Nishida Kazuki, Liang Yao, Maeda Osamu, Silva Angélique Da, Ando Yuichi, Chrétien Basile
Department of Advanced Medicine, Nagoya University Hospital, Nagoya, Japan.
Department of Biostatistics, Kyoto University School of Public Health, Kyoto, Japan.
Cancer Chemother Pharmacol. 2025 Jul 2;95(1):66. doi: 10.1007/s00280-025-04792-7.
Pazopanib, a multi-targeted tyrosine kinase inhibitor, is used for advanced renal cell carcinoma and soft tissue sarcoma. However, it is associated with dose-dependent adverse events (AEs), including hypertension, and gastrointestinal issues. Antacids like proton pump inhibitors (PPIs) and histamine-2 receptor antagonists (H2RAs) are often co-administered, raising concerns about potential drug interactions. Pazopanib's solubility and absorption are pH-dependent, with increased gastric pH potentially reducing its bioavailability. In this study, we analyzed VigiBase data using multivariate logistic regression models and found significant interactions between pazopanib and antacids (PPIs, H2RAs, and others), suggesting reduced serious AE reporting, possibly due to lower pazopanib exposure. A secondary analysis of CYP3A4 inhibitors showed a non-significant trend for higher serious AEs, aligning with expected pharmacokinetic effects. These findings emphasize the need for caution when combining antacids with pazopanib, as it may reduce both toxicity and efficacy.

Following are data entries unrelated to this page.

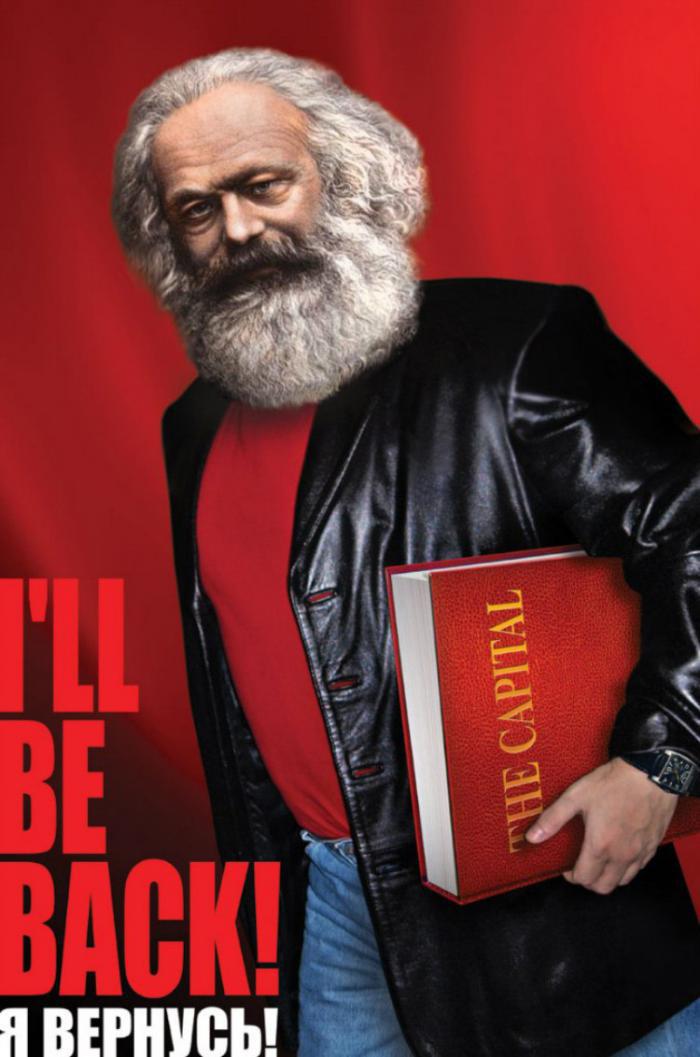 Es gibt eine Zeichnung, die ein Foto als Grundlage hat, auf der Marx in Jeans, rotem T-shirt und Lederjacke erscheint. Unter seinem Arm trägt er sein größtes Werk: Das Kapital. Während er geht, schaut uns das Genie aus Trier ungeduldig an. Das Plakat hat einen Text in englisch und in russisch: „Ich komme zurück“. Auf einem anderen Plakat erscheint derselbe Marx diesmal in Ganzkörperansicht zusammen mit einem Studentenpaar; der Professor und seine Studenten sind fast gleich angezogen. Es ist ein jüngst entstandenes Propagandaplakat der russischen Kommunisten. Sie haben das gleiche mit Lenin gemacht. Im Sitzen, mit einem modernen Laptop auf seinen Knien schreibt er einen seiner glühenden revolutionären Artikel. Die Zeichnungen sprechen ganz ohne Zweifel die jungen Leute an. Es sind Türen die dazu einladen, hindurchzugehen.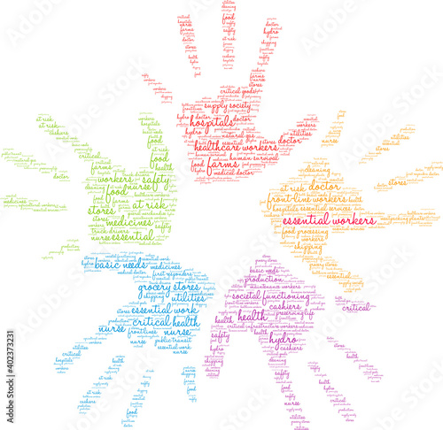 Essential Workers Word Cloud on a white background.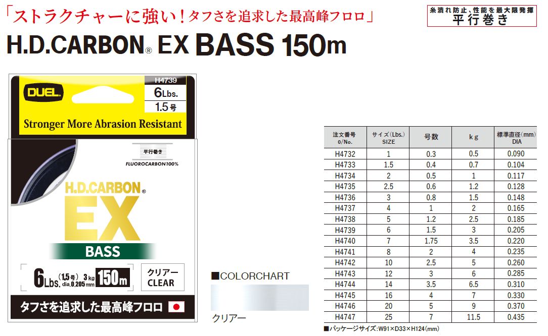 DUEL H.D.カーボン EX BASS 5号 20LB 150m HDカーボン EXバス H4746 デュエル 日本製 国産フロロカーボン ライン 釣り糸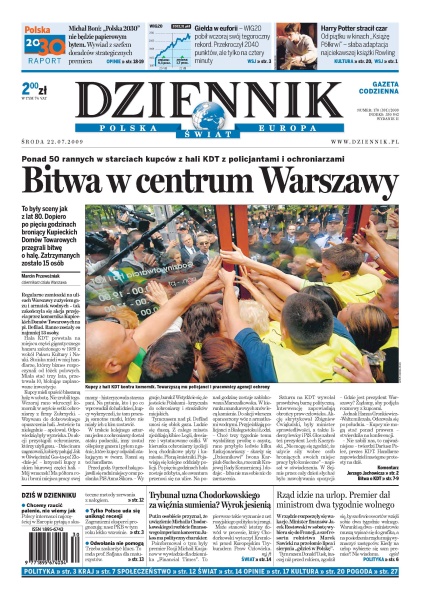 Ponad 50 rannych w starciach kupców z hali KDT z policjantami i ochroniarzami; rząd idzie na urlop, premier dał ministrom dwa tygodnie wolnego; tylko Polsce uda się uniknąć recesji; Farfał mianował Schymallę szefową telewizyjnej „Jedynki”; czy Europejski Trybunał Praw Człowieka uzna Chodorkowskiego za więźnia sumienia; prof. Safjan radzi maturzystom zaskarżyć klucz; chcemy rzucić palenie ale nie wiemy jak; coraz więcej mieszkańców Wysp rozstrzyga spory na podstawie Koranu. Dodatki: The Wall Street Journal Polska, Warszawa.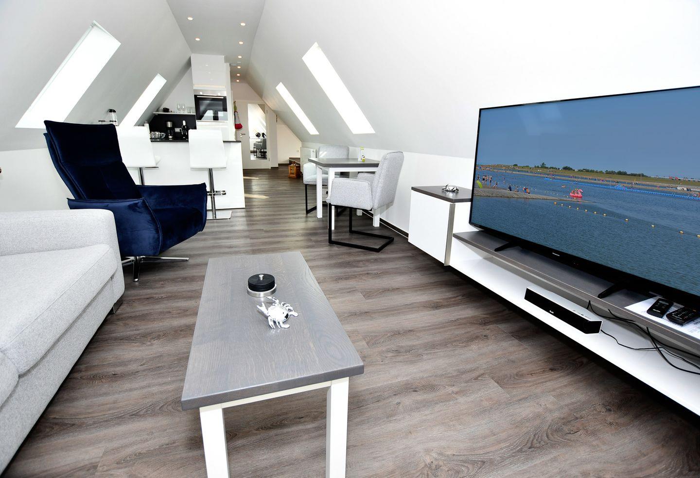 Genießen Sie im Insel Feeling Penthouse in Büsum stilvollen Komfort mit Meerblick und nur 400 m vom Strand entfernt.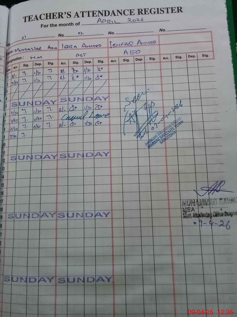 | Name: MU**** AZ**** Designation: (School Headmaster's/Headmistress's) PST Phone/Cell Number: 03**** |

帕唑帕尼是一种多靶点酪氨酸激酶抑制剂,用于治疗晚期肾细胞癌和软组织肉瘤。然而,它与剂量依赖性不良事件(AE)相关,包括高血压和胃肠道问题。质子泵抑制剂(PPI)和组胺-2受体拮抗剂(H2RA)等抗酸剂常与帕唑帕尼联合使用,这引发了对潜在药物相互作用的担忧。帕唑帕尼的溶解度和吸收依赖于pH值,胃内pH值升高可能会降低其生物利用度。在本研究中,我们使用多变量逻辑回归模型分析了VigiBase数据,发现帕唑帕尼与抗酸剂(PPI、H2RA及其他)之间存在显著相互作用,提示严重AE报告减少,可能是由于帕唑帕尼暴露量降低。对CYP3A4抑制剂的二次分析显示,严重AE有升高的非显著趋势,这与预期的药代动力学效应一致。这些发现强调了抗酸剂与帕唑帕尼联合使用时需谨慎,因为这可能会降低毒性和疗效。